▶ [WHAT YOU WILL DO]:
Below are records with pictures. Reproduce exactly the lines from the line with "1.500 phần quà" to the line with "在板凳龙制作上,李彦严格遵循", inclusive, and leave each picture out.

▶ [INPUT DATA]:
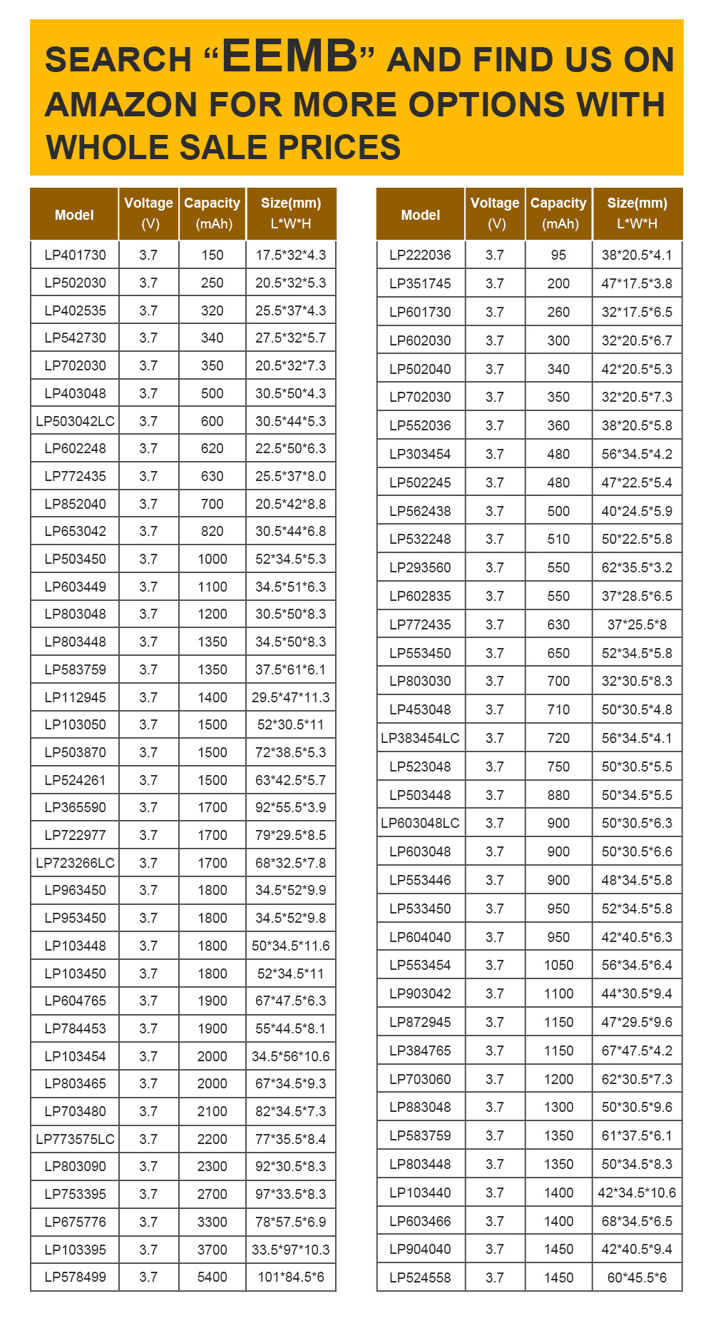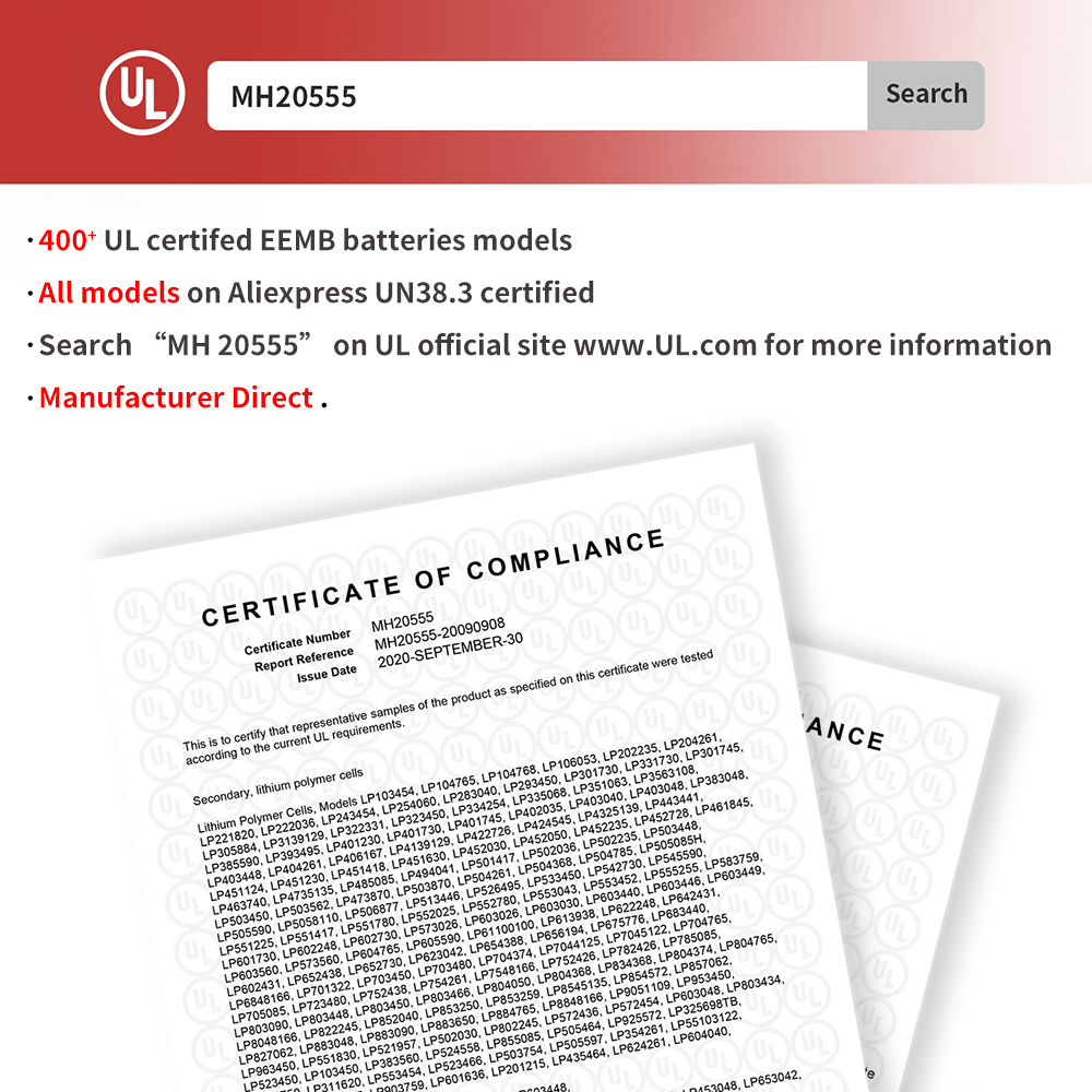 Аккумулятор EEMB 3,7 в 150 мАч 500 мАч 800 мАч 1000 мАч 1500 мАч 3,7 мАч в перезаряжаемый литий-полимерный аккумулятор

* * *

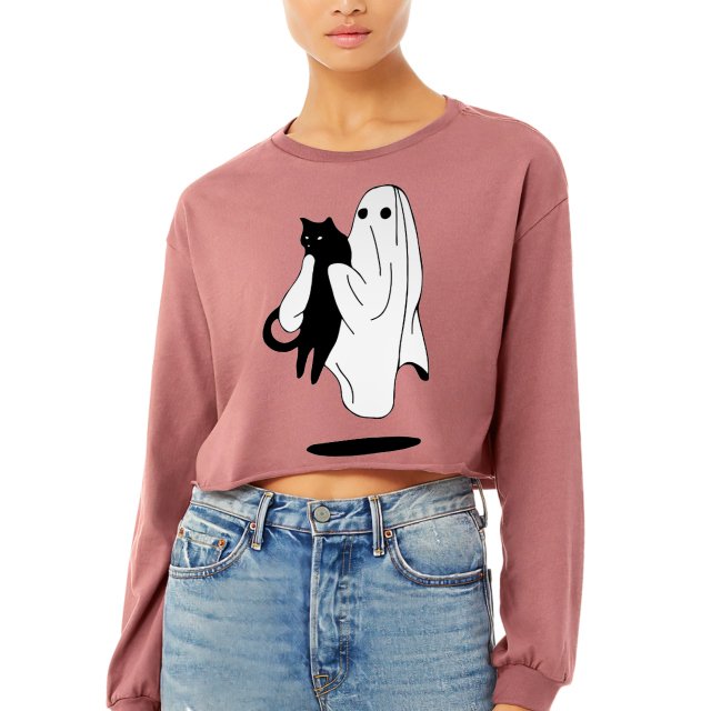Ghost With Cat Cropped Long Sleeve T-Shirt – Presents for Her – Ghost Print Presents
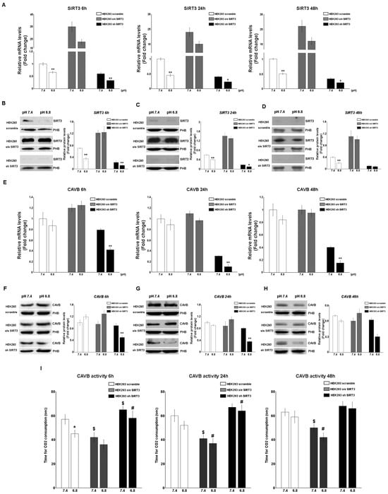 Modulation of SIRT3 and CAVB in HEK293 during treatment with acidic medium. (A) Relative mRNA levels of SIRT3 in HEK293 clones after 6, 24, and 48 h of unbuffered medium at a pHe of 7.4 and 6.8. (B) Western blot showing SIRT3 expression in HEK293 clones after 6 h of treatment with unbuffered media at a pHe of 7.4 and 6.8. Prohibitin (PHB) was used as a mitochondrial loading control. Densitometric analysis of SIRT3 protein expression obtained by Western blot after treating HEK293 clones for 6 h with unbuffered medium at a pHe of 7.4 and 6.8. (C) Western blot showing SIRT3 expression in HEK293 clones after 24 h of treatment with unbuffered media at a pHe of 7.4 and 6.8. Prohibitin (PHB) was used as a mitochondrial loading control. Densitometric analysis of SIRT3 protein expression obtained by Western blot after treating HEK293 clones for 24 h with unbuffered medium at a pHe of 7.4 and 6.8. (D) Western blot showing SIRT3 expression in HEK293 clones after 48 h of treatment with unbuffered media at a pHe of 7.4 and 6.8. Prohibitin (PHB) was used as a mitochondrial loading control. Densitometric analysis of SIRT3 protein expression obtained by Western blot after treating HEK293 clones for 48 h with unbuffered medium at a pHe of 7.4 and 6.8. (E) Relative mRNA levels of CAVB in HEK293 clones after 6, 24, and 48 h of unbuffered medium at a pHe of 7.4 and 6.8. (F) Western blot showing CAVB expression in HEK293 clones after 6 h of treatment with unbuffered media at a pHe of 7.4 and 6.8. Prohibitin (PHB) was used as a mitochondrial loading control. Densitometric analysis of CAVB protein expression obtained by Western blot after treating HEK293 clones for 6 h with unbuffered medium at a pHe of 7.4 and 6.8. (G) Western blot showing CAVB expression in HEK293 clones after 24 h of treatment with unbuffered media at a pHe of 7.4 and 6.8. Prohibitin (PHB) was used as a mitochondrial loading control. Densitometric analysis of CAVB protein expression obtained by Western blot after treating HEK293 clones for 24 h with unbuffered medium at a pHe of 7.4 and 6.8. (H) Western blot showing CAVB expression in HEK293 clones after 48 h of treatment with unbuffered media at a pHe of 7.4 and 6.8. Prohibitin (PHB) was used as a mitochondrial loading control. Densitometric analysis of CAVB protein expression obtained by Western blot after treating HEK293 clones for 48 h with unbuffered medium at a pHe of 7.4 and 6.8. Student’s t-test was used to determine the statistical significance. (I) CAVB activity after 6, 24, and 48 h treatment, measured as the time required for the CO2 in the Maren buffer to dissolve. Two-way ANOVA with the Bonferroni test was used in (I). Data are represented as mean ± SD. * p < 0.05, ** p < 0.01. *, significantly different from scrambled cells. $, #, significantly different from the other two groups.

--

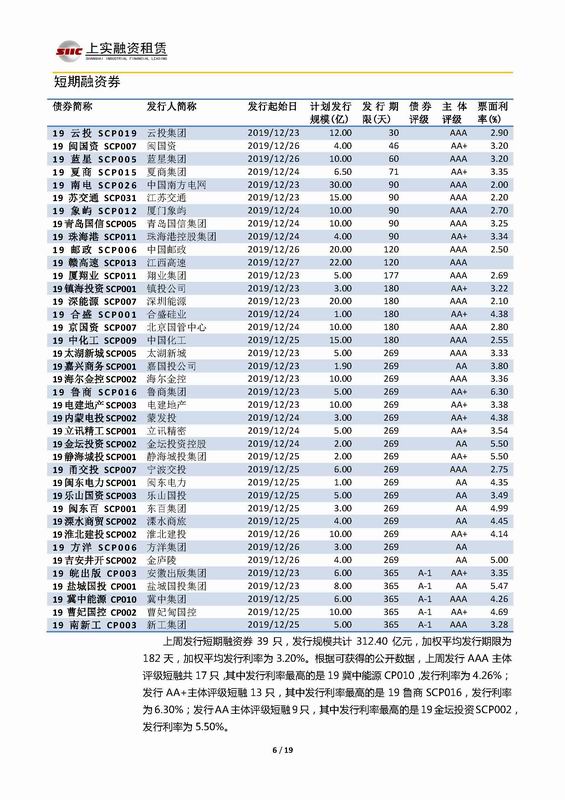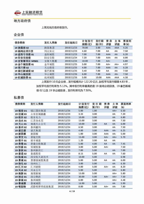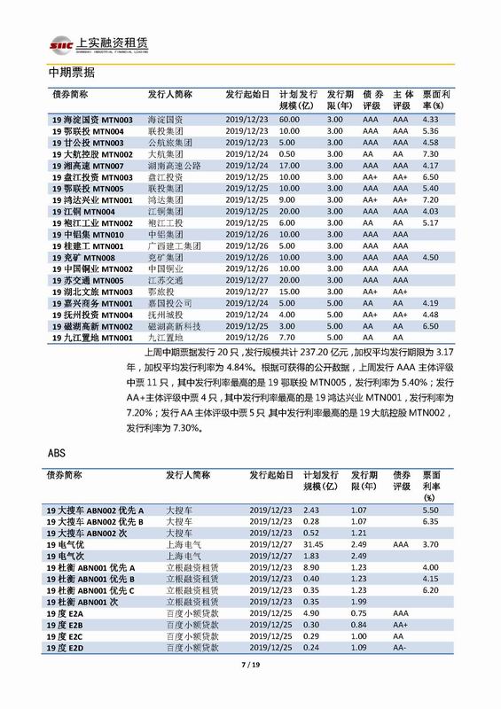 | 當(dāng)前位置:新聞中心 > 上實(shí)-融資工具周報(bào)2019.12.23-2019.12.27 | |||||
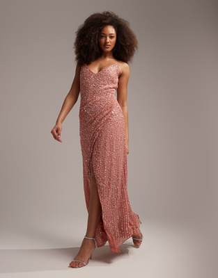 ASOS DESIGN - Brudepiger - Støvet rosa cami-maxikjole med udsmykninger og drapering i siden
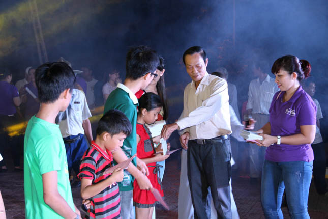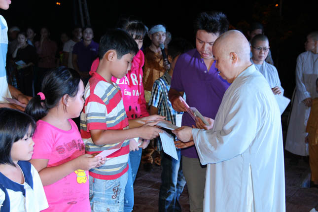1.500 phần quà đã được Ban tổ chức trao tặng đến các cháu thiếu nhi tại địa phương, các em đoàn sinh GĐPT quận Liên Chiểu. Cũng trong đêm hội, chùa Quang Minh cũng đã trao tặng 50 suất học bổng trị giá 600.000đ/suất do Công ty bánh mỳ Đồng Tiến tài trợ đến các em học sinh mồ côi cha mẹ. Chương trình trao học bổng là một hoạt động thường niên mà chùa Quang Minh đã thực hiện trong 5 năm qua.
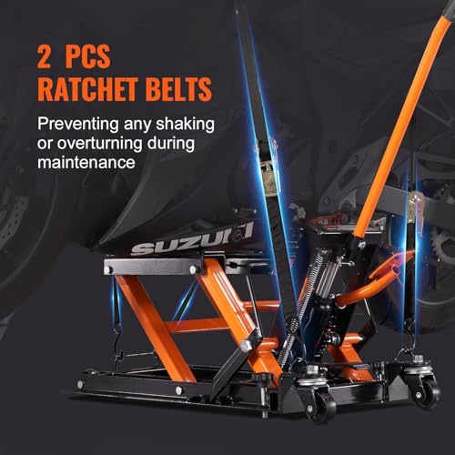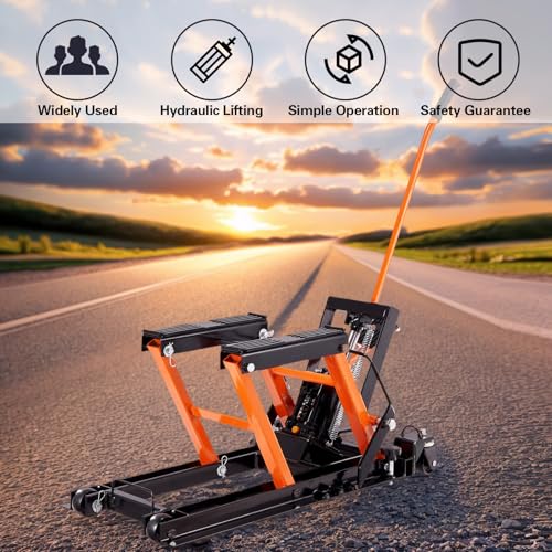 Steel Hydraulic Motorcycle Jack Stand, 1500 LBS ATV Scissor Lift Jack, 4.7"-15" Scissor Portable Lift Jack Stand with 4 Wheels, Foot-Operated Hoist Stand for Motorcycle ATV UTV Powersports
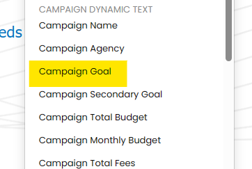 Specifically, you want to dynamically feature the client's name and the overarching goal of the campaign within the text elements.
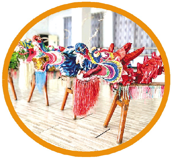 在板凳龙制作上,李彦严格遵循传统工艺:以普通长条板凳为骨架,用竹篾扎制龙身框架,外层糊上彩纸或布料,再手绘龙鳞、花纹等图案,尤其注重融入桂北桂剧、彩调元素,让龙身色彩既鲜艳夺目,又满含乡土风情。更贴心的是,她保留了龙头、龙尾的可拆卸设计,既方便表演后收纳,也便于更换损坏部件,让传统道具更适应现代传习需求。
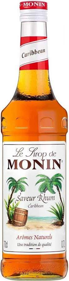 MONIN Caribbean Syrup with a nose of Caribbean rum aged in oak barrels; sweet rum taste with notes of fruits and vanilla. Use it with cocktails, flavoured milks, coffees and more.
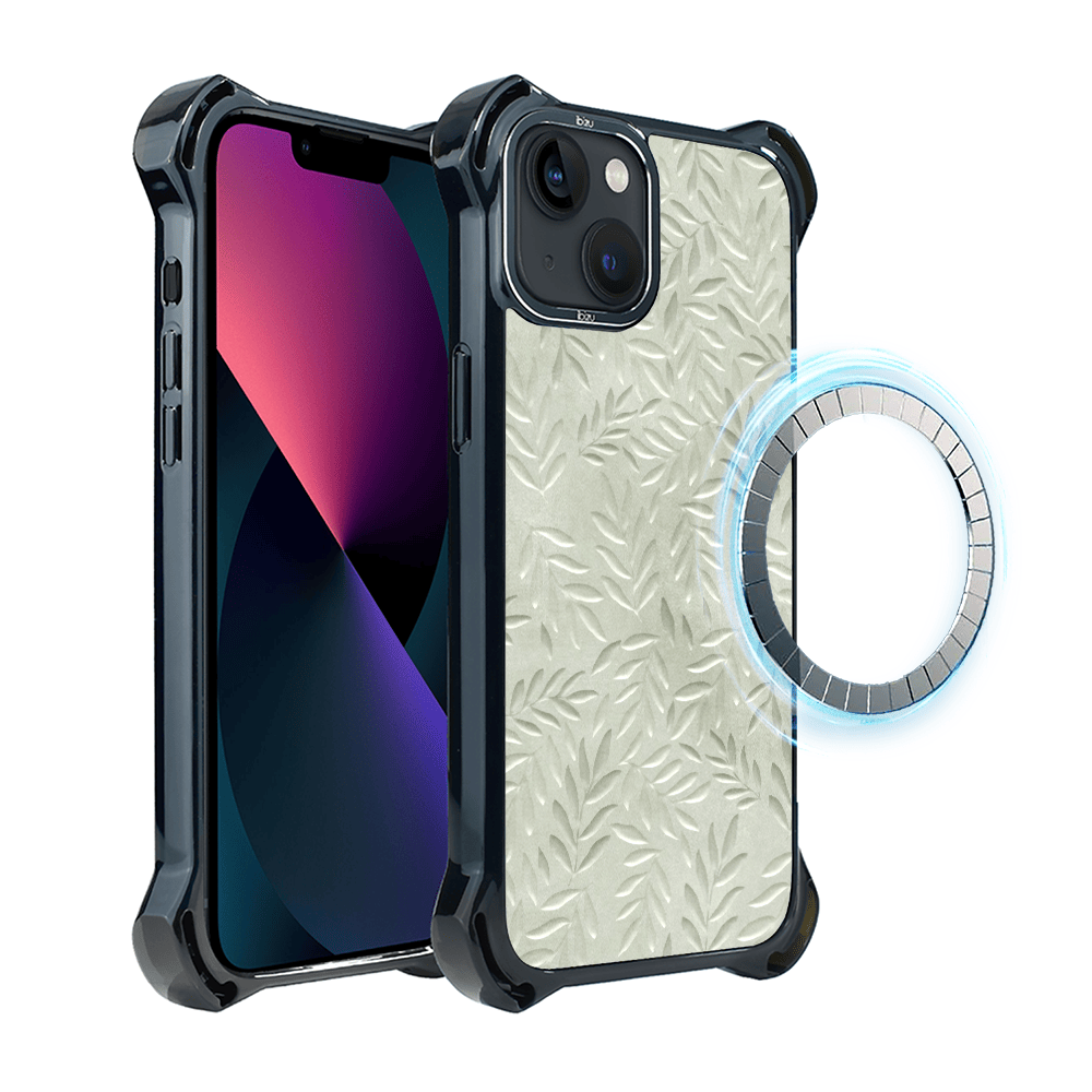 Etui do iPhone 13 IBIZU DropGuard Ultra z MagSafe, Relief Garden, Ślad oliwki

▶ [EXERCISE OUTPUT]:
1.500 phần quà đã được Ban tổ chức trao tặng đến các cháu thiếu nhi tại địa phương, các em đoàn sinh GĐPT quận Liên Chiểu. Cũng trong đêm hội, chùa Quang Minh cũng đã trao tặng 50 suất học bổng trị giá 600.000đ/suất do Công ty bánh mỳ Đồng Tiến tài trợ đến các em học sinh mồ côi cha mẹ. Chương trình trao học bổng là một hoạt động thường niên mà chùa Quang Minh đã thực hiện trong 5 năm qua.
 Steel Hydraulic Motorcycle Jack Stand, 1500 LBS ATV Scissor Lift Jack, 4.7"-15" Scissor Portable Lift Jack Stand with 4 Wheels, Foot-Operated Hoist Stand for Motorcycle ATV UTV Powersports
 Specifically, you want to dynamically feature the client's name and the overarching goal of the campaign within the text elements.
 在板凳龙制作上,李彦严格遵循传统工艺:以普通长条板凳为骨架,用竹篾扎制龙身框架,外层糊上彩纸或布料,再手绘龙鳞、花纹等图案,尤其注重融入桂北桂剧、彩调元素,让龙身色彩既鲜艳夺目,又满含乡土风情。更贴心的是,她保留了龙头、龙尾的可拆卸设计,既方便表演后收纳,也便于更换损坏部件,让传统道具更适应现代传习需求。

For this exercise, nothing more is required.